The study highlights how a continuing affordability problem has accentuated inequalities with evidence suggesting "it can [make] the children of affluent owners still richer and the poorest even more disadvantaged".
The wealthiest 10% of the population has seen home values rise at more than three times the rate for the poorest 10%; the impact will continue for future generations as vastly differing levels of wealth are inherited by the next generation.
The report also shows that children born to parents who have no or little housing wealth will not benefit from "life start-up" advantages and stand to inherit nothing.
Evidence from studies contained in the report emphasise the important role that parents play in supporting their offspring into home ownership.
This financial assistance may result in the housing market becoming more polarised, with the children of homeowners representing a greater proportion of all new purchasers.
In addition to the widening wealth gap, the study also highlights that:
* High prices have by-products of overcrowding and poor physical and mental health for people priced out of the market or those who risk repossession;
* The housing market’s twin characteristics of high prices and long-term undersupply encourage cycles of boom and bust, which contribute to volatile consumer spending patterns and therefore impact on the wider economy;
* High house prices lead to increased labour costs and problems in recruiting and retaining staff, thereby affecting both the efficiency of the private sector and the delivery of public services;
* Potential first-time buyers either do not purchase – perpetuating inequality and disadvantage – or stretch themselves, buy and risk repossession.

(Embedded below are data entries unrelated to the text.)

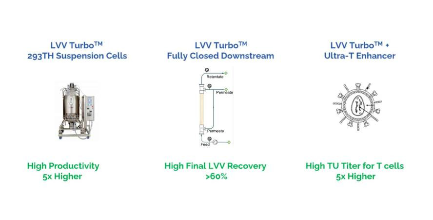 Our LVV Turbo™ platform integrates three cutting-edge technologies - our high-productivity 293TH suspension cell line, a fully closed downstream purification process, and the partnered Ultra-T enhancer - to deliver higher yield, higher potency, and lower cost.
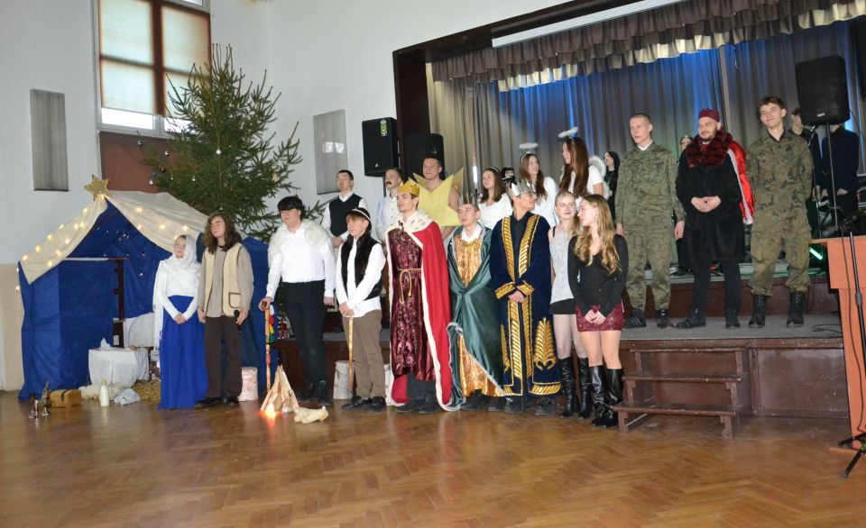 W naszej szkole odbyło się wyjątkowe wydarzenie artystyczne – koncert połączony z Jasełkami. Uczniowie zaprezentowali bożonarodzeniowe przedstawienie, które wprowadziło wszystkich w świąteczny nastrój. Podczas koncertu zaśpiewano sześć kolęd, pięknie wykonanych przez szkolnych artystów. Całość spotkała się z ciepłym przyjęciem publiczności. Na zakończenie Dyrektor szkoły złożył całej społeczności uczniowskiej serdeczne życzenia świąteczne i noworoczne.
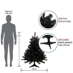 This unique tree is perfect for taking Halloween decorations up a notch or a chic modern approach to your holiday decor. Impress your family and friends with this black Colorado Spruce that is easily put up and taken down with its hinged branch construction. The tree features no lights so that you can decorate it to your specifications. This tree is durable and beautiful enough to use year after year even with the ever-changing trends. Product Features:Unlit250 tips2″ wide tapered tipsFull profile treeHinged branch constructionRecommended for indoor use only3-piece easy assembly (including stand)Comes with a free black plastic tree standDimensions: 4’ high (from the base of the stand to the top of the tree)36” base diameter (at the widest point)Material(s): PVC/metalNote: Branches are compressed for shipment, and need to be fluffed out upon arrival to look like the photo.
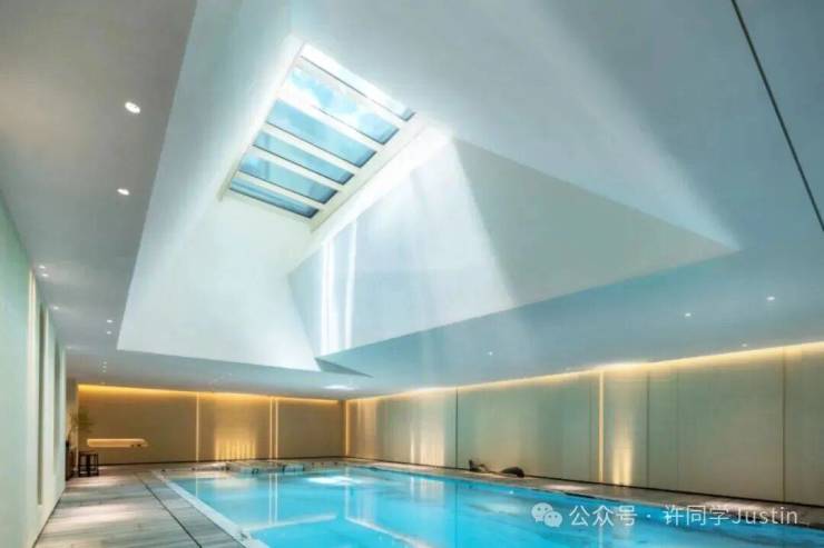 室内恒温泳池一端设计了很有古典气息的奢石涌泉,形制复刻自古罗马浴场。泳池的上方设计了珍贵的自然采光,阳光投入碧波,会给你带来「天光水影共徘徊」的美好感受。
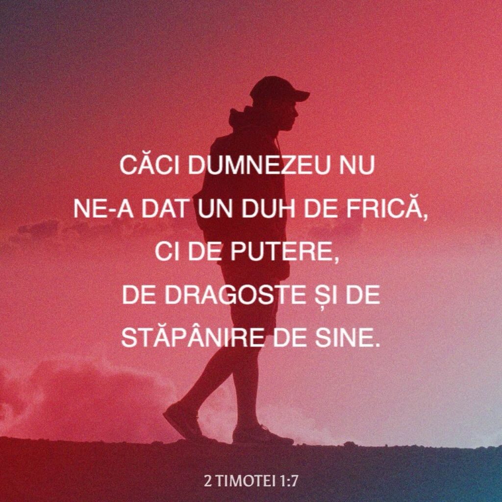 Așadar, fă-ți timp astăzi să vorbești cu Dumnezeu. Cere-I să te împuternicească prin Duhul Său spre încredere, dragoste și autodisciplină. Gândește-te la modul în care Dumnezeu te conduce să îți schimbi modul de viață. În timp ce faci asta, amintește-ți că Dumnezeu nu ne dă frică. El ne umple de iubire pentru că vrea să experimentăm o relație de încredere cu El.
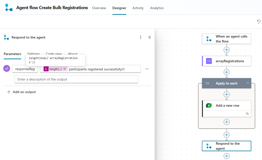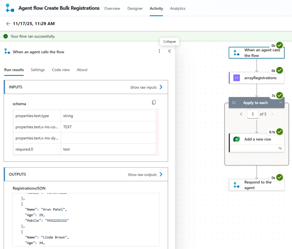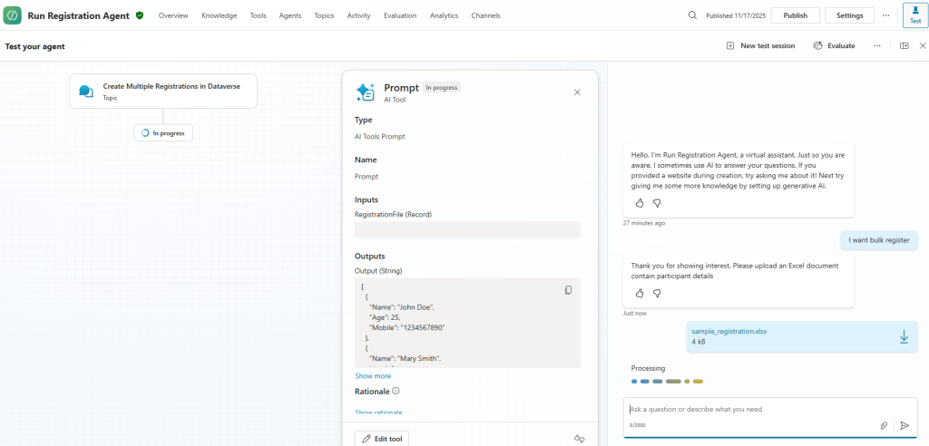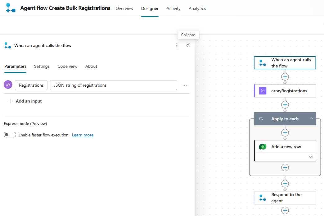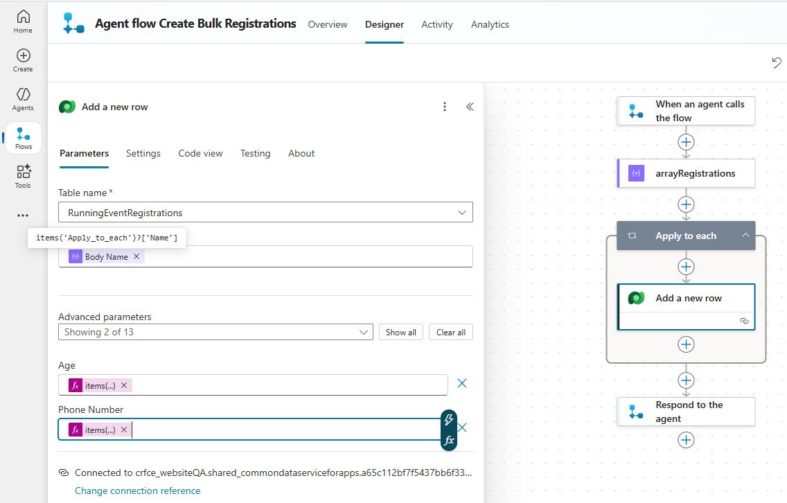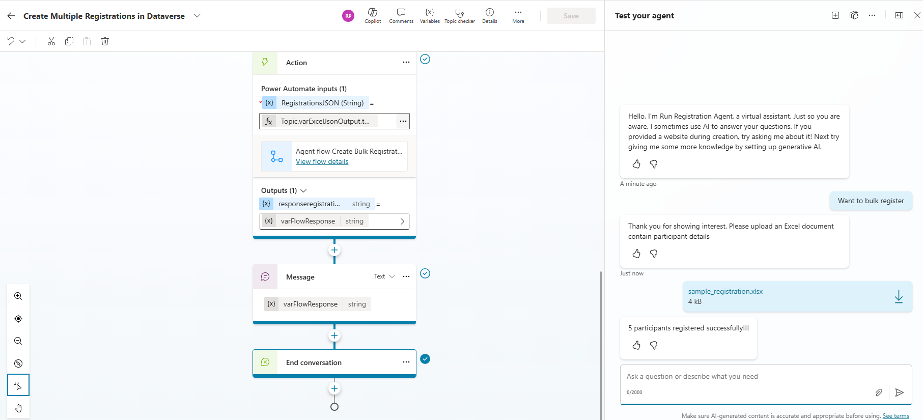 - Use an Agent Flow to loop through the records and create the registrations in the Dataverse table

"We are in danger of creating a more polarised society," said Neil McDonald, Chief Executive, NHPAU, "if we fail to tackle our country’s housing affordability problem.
"We commissioned this study because, as a Unit, we were keen to understand how a lack of affordability affects people’s lives beyond the financial.
"We must not be fooled into thinking that the current fall in house prices means the problem is solved. Mortgage rationing means that housing is not more affordable in any real sense. And, in the medium to long term, an undersupply of housing means that affordability will simply worsen once the economy starts to revive."